Un ambiente particolare
Quanto all'ambiente, la pignoleria del tartufo bianco pregiato cade: raramente cresce in veri e propri boschi, preferendo invece margini di fossi, canali e torrenti, o bordi di sentieri. Spesso poi nasce sotto una quercia secolare isolata al centro o al margine di un terreno coltivato, o nei filari di tigli o pioppi delle alberature stradali, o anche nei pioppeti artificiali. Nel Nord Italia sembra preferire proprio queste collocazioni (infelici?), purché vi siano pioppi, tigli o salici.

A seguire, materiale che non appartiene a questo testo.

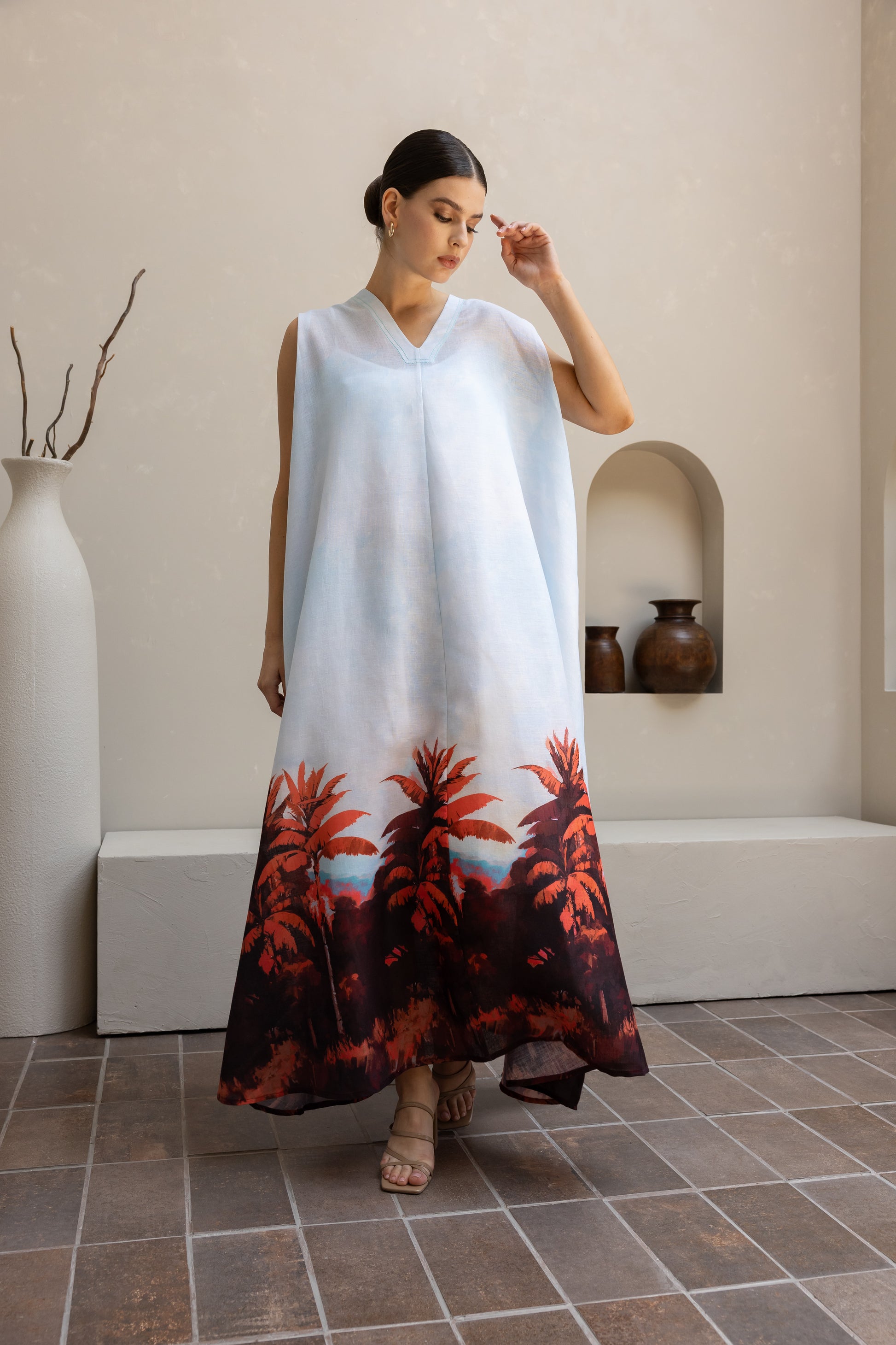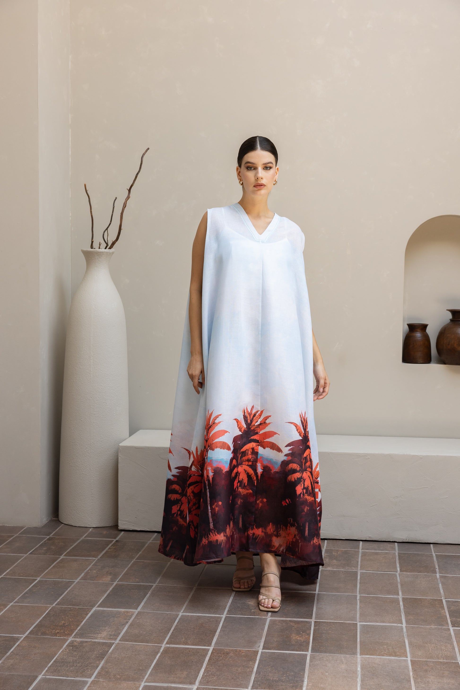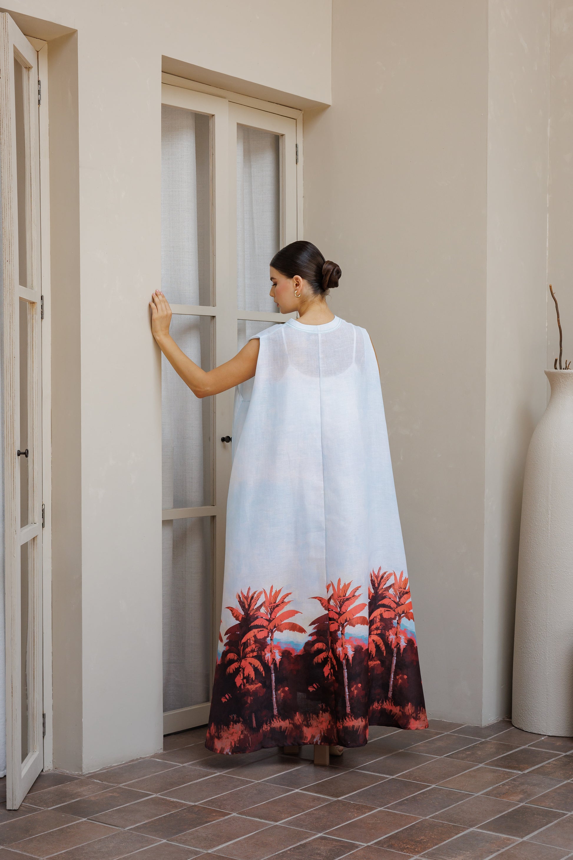 قم بترقية أسلوبك في الموضة مع هذا القميص الكتاني، الذي يتميز بنمط شجرة الموز الرقيقة وفستان بلا أكمام لإطلالة أنيقة ومختصرة.
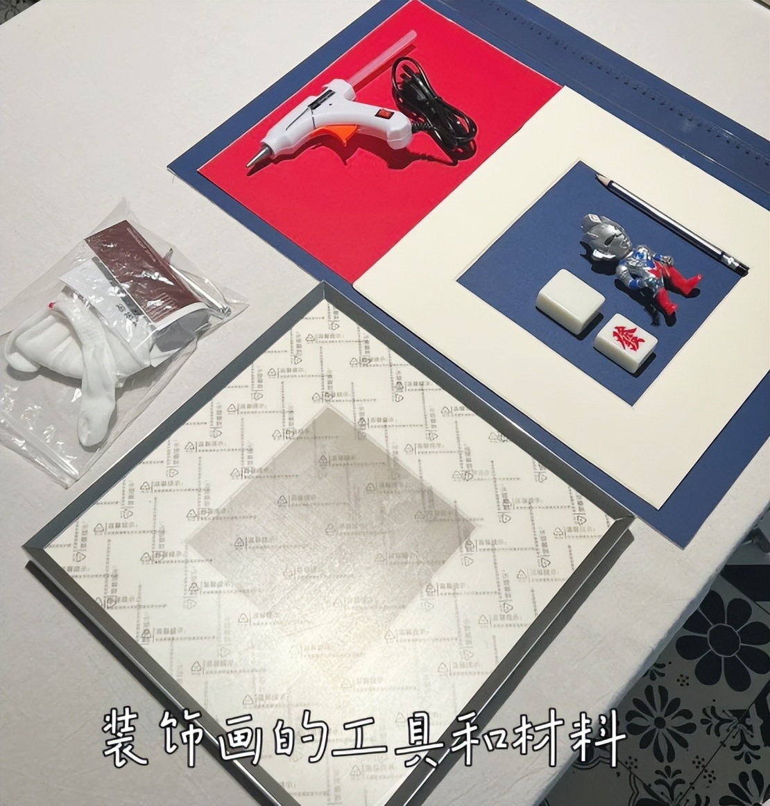 准备装饰画的工具和材料:麻将、热熔胶、装饰画框。
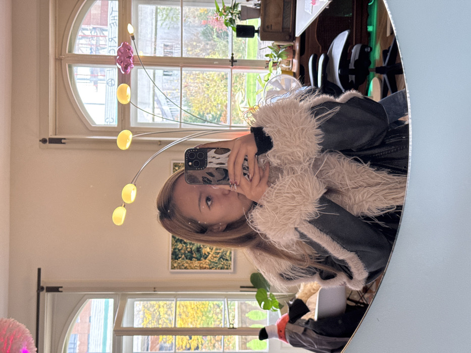 A person is observed taking a mirror selfie indoors, in a residential or office setting located in Wallisellen, Switzerland. The individual, possessing light brown hair and subtle white adornments on the right side of their face, holds a silver iPhone featuring a black and white patterned case, obscuring the majority of their face. They are dressed in a black jacket with prominent light beige/pinkish faux fur trim on the collar and cuffs, worn over a black long-sleeved garment. The reflective surface reveals a room with light-colored walls and two large arched-top windows. Through the windows, an autumnal exterior is visible, characterized by trees displaying yellow and orange foliage, a stone balustrade, and sections of distant buildings. The interior features a modern floor lamp with five flexible arms, four terminating in yellow, spherical lights, and one in a distinct pink, cloud-shaped light. Additional objects within the reflected space include a black office chair, a brown wooden cabinet supporting an antique-style radio and a black speaker, several potted plants, a white oscillating fan, and a partially visible white feathery pendant light fixture. A green ambient light source is present near the floor, and a white chair with draped clothing is visible on the left side of the reflection.
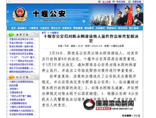 今日零点(3月10日),潇湘晨报滚动新闻记者在湖北省十堰市公安局官方网站上发现一则通告,称经复核,撤销撤销对陈永刚的拘留决定,并向陈赔礼道歉、国家赔偿,同时追究相关责任认责任。
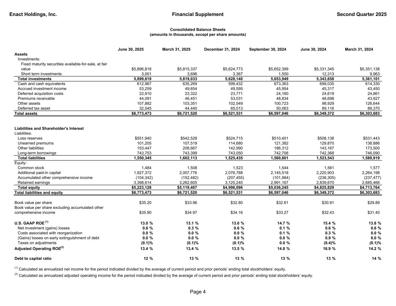 Enact Holdings, Inc. Financial Supplement Second Quarter 2025 June 30, 2025 March 31, 2025 December 31, 2024 September 30, 2024 June 30, 2024 March 31, 2024 Assets Investments: Fixed maturity securities available-for-sale, at fair value $5,896,818 $5,815,337 $5,624,773 $5,652,399 $5,331,345 $5,351,138 Short term investments 3,001 3,696 3,367 1,550 12,313 9,963 Total investments 5,899,819 5,819,033 5,628,140 5,653,949 5,343,658 5,361,101 Cash and cash equivalents 612,967 635,269 599,432 673,363 699,035 614,330 Accrued investment income 53,259 49,654 49,595 45,954 45,317 43,450 Deferred acquisition costs 22,910 23,322 23,771 24,160 24,619 24,861 Premiums receivable 44,091 46,451 53,031 48,834 48,698 43,927 Other assets 107,882 103,351 102,549 100,723 98,929 126,644 Deferred tax asset 32,545 44,440 65,013 50,063 89,116 89,370 Total assets $6,773,473 $6,721,520 $6,521,531 $6,597,046 $6,349,372 $6,303,683 Liabilities and Shareholder's Interest Liabilities: Loss reserves $551,940 $542,528 $524,715 $510,401 $508,138 $531,443 Unearned premiums 101,205 107,519 114,680 121,382 129,870 138,886 Other liabilities 153,447 208,667 142,990 186,312 143,167 173,500 Long-term borrowings 743,753 743,399 743,050 742,706 742,368 746,090 Total liabilities 1,550,345 1,602,113 1,525,435 1,560,801 1,523,543 1,589,919 Equity: Common stock 1,484 1,508 1,523 1,544 1,561 1,577 Additional paid-in capital 1,927,372 2,007,776 2,076,788 2,145,518 2,220,903 2,264,198 Accumulated other comprehensive income (104,342) (152,482) (207,455) (101,984) (236,305) (237,477) Retained earnings 3,398,614 3,262,605 3,125,240 2,991,167 2,839,670 2,685,466 Total equity $5,223,128 $5,119,407 $4,996,096 $5,036,245 $4,825,829 $4,713,764 Total liabilities and equity $6,773,473 $6,721,520 $6,521,531 $6,597,046 $6,349,372 $6,303,683 Book value per share $35.20 $33.96 $32.80 $32.61 $30.91 $29.89 Book value per share excluding accumulated other comprehensive income $35.90 $34.97 $34.16 $33.27 $32.43 $31.40 U.S. GAAP ROE (1) 13.0 % 13.1 % 13.0 % 14.7 % 15.4 % 13.8 % Net investment (gains) losses 0.6 % 0.3 % 0.6 % 0.1 % 0.6 % 0.6 % Costs associated with reorganization 0.0 % 0.0 % 0.0 % 0.1 % 0.3 % 0.0 % (Gains) losses on early extinguishment of debt 0.0 % 0.0 % 0.0 % 0.0 % 0.9 % 0.0 % Taxes on adjustments (0.1)% (0.1)% (0.1)% 0.0 % (0.4)% (0.1)% Adjusted Operating ROE(2) 13.4 % 13.4 % 13.5 % 14.8 % 16.9 % 14.2 % Debt to capital ratio 12 % 13 % 13 % 13 % 13 % 14 % (2) Calculated as annualized adjusted operating income for the period indicated divided by the average of current period and prior periods’ ending total stockholders’ equity. (1) Calculated as annualized net income for the period indicated divided by the average of current period and prior periods’ ending total stockholders’ equity. Consolidated Balance Sheets (amounts in thousands, except per share amounts) Page 4

A partire dall'Appennino invece, recupera una certa dignità, spostandosi generalmente (ma non sempre) nei boschi misti subspontanei a latifoglie caduche. Si può così reperire nei querco-carpineti tipici della pianura e fino ai 300 m d'altezza: sono i relitti degli antichi boschi planiziali, con farnia, rovere, olmo, aceri, ornielli, vitalba, sambuco, e pioppi, salici e ontani nelle zone più umide. In collina si sposta nei querco-ostrieti, con roverella, cerro, carpino nero (ostria), frassino, sorbi, prugnolo, biancospini, nocciolo, cornioli e rosa selvatica. In entrambi i casi, si tratta di boschi caratteristici di suoli ricchi di sostanza organica, ben drenati e aereati, calcarei, a costituire una vegetazione stabile rispetto al clima.

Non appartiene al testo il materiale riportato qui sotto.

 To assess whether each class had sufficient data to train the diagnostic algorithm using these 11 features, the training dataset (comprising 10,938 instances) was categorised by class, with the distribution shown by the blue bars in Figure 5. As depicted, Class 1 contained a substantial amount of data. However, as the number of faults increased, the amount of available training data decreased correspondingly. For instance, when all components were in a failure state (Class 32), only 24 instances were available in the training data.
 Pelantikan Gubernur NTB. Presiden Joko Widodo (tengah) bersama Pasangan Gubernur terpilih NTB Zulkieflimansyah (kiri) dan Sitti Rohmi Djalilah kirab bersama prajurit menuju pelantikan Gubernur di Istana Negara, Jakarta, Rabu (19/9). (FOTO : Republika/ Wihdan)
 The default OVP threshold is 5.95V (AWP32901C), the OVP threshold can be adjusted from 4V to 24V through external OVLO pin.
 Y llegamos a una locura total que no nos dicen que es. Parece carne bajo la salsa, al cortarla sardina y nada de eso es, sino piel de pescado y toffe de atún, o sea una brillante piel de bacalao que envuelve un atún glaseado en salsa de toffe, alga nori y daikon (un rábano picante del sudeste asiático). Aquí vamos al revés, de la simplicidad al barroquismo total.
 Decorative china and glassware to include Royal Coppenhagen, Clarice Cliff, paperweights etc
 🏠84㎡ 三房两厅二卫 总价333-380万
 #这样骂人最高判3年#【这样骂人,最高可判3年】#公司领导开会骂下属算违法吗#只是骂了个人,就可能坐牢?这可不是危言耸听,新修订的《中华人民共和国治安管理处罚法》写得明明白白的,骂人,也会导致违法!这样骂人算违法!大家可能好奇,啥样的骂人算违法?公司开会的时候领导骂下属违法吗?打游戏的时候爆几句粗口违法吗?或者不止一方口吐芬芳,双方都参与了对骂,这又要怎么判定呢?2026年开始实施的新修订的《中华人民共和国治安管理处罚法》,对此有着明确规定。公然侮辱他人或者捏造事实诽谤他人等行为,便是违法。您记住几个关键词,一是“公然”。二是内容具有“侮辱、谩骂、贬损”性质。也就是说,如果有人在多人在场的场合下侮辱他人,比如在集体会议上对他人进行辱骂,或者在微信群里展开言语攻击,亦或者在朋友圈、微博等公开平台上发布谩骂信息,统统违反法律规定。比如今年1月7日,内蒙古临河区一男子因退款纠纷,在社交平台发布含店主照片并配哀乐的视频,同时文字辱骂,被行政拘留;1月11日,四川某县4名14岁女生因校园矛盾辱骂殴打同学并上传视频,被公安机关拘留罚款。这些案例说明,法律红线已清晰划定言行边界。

Il sottobosco infine deve essere né troppo, perché soffoca il terreno, né troppo poco, per non inaridirlo. La flora comprende primule, eupatoria, erba mazzolina, equiseto, felce aquilina, ortica, farfaraccio, artemisia e altre.
Tutte queste condizioni si traducono nella rarità, e nel costo, del tartufo bianco pregiato.